- **EXERCISE DETAILS**: Word for word, output the data, with none of its pictures.

- **INPUT DATA**:
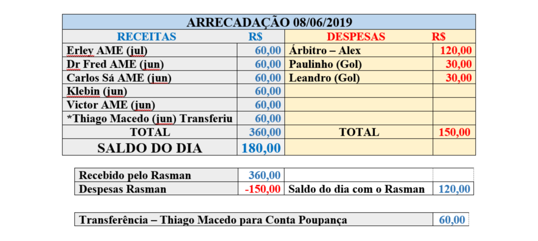 Neste sábado, mais uma partida bem disputada, embora o placar tenha sido de 5 a 2. A dupla de ataque dos Verdes (Thiago Macedo e Tetê) foi mais eficiente que a dupla de ataque dos Vermelhos (Marquinho e Romário).
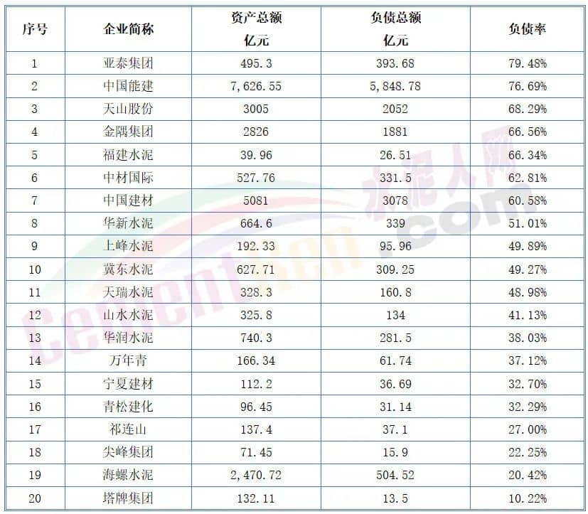 近期水泥行業(yè)各大上市公司先后發(fā)布了今年前三季度業(yè)績報告。其中亞泰集團、中國能建、天山股份、金隅集團、福建水泥、中材國際、中國建材等負債率超過50%。
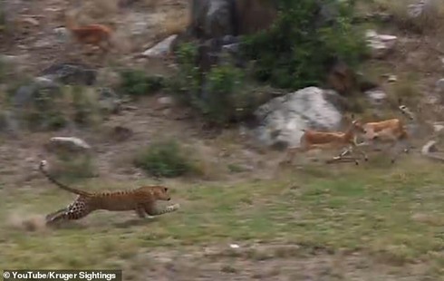 Theo tờ Daily mail, một video ghi lại khoảnh khắc đáng kinh ngạc khi một con báo hoa mai bay người trên không trung đạp một phát trúng ngay linh dương.

- **FINISHED TASK**:
 Neste sábado, mais uma partida bem disputada, embora o placar tenha sido de 5 a 2. A dupla de ataque dos Verdes (Thiago Macedo e Tetê) foi mais eficiente que a dupla de ataque dos Vermelhos (Marquinho e Romário).
 近期水泥行業(yè)各大上市公司先后發(fā)布了今年前三季度業(yè)績報告。其中亞泰集團、中國能建、天山股份、金隅集團、福建水泥、中材國際、中國建材等負債率超過50%。
 Theo tờ Daily mail, một video ghi lại khoảnh khắc đáng kinh ngạc khi một con báo hoa mai bay người trên không trung đạp một phát trúng ngay linh dương.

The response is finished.